- Available data
* * * *
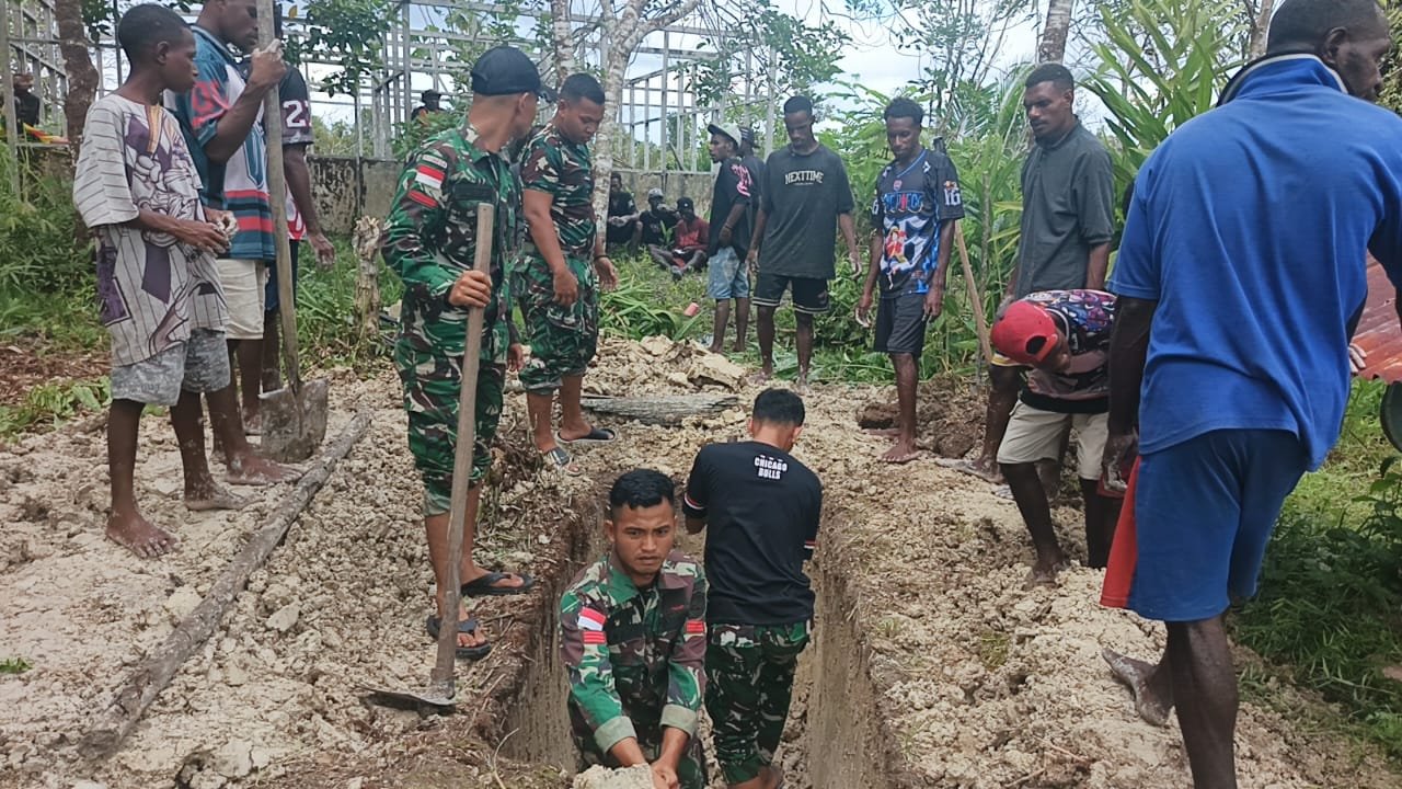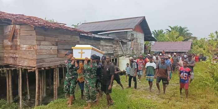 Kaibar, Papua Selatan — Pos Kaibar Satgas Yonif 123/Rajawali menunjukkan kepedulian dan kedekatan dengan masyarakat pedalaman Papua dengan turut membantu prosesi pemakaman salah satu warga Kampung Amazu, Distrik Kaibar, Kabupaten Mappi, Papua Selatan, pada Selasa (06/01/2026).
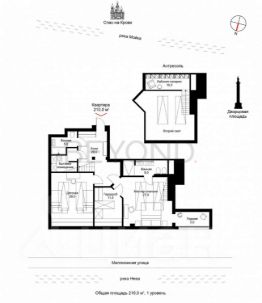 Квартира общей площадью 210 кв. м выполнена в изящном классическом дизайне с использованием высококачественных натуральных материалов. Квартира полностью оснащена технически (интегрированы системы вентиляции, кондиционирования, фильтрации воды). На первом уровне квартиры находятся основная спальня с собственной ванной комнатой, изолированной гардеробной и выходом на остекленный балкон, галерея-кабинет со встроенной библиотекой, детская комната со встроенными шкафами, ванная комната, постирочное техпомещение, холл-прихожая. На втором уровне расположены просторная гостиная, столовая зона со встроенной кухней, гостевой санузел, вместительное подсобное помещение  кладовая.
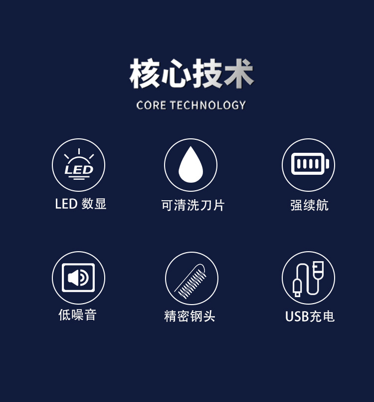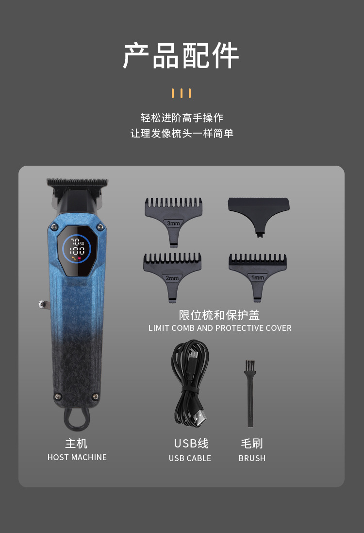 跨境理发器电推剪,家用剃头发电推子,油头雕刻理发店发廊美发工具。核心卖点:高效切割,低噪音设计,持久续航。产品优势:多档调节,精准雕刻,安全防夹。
* * * *
- Goal of the exercise
Exactly repeat the data above; the pictures do not belong in your copy.

- Written response
 Kaibar, Papua Selatan — Pos Kaibar Satgas Yonif 123/Rajawali menunjukkan kepedulian dan kedekatan dengan masyarakat pedalaman Papua dengan turut membantu prosesi pemakaman salah satu warga Kampung Amazu, Distrik Kaibar, Kabupaten Mappi, Papua Selatan, pada Selasa (06/01/2026).
 Квартира общей площадью 210 кв. м выполнена в изящном классическом дизайне с использованием высококачественных натуральных материалов. Квартира полностью оснащена технически (интегрированы системы вентиляции, кондиционирования, фильтрации воды). На первом уровне квартиры находятся основная спальня с собственной ванной комнатой, изолированной гардеробной и выходом на остекленный балкон, галерея-кабинет со встроенной библиотекой, детская комната со встроенными шкафами, ванная комната, постирочное техпомещение, холл-прихожая. На втором уровне расположены просторная гостиная, столовая зона со встроенной кухней, гостевой санузел, вместительное подсобное помещение  кладовая.
 跨境理发器电推剪,家用剃头发电推子,油头雕刻理发店发廊美发工具。核心卖点:高效切割,低噪音设计,持久续航。产品优势:多档调节,精准雕刻,安全防夹。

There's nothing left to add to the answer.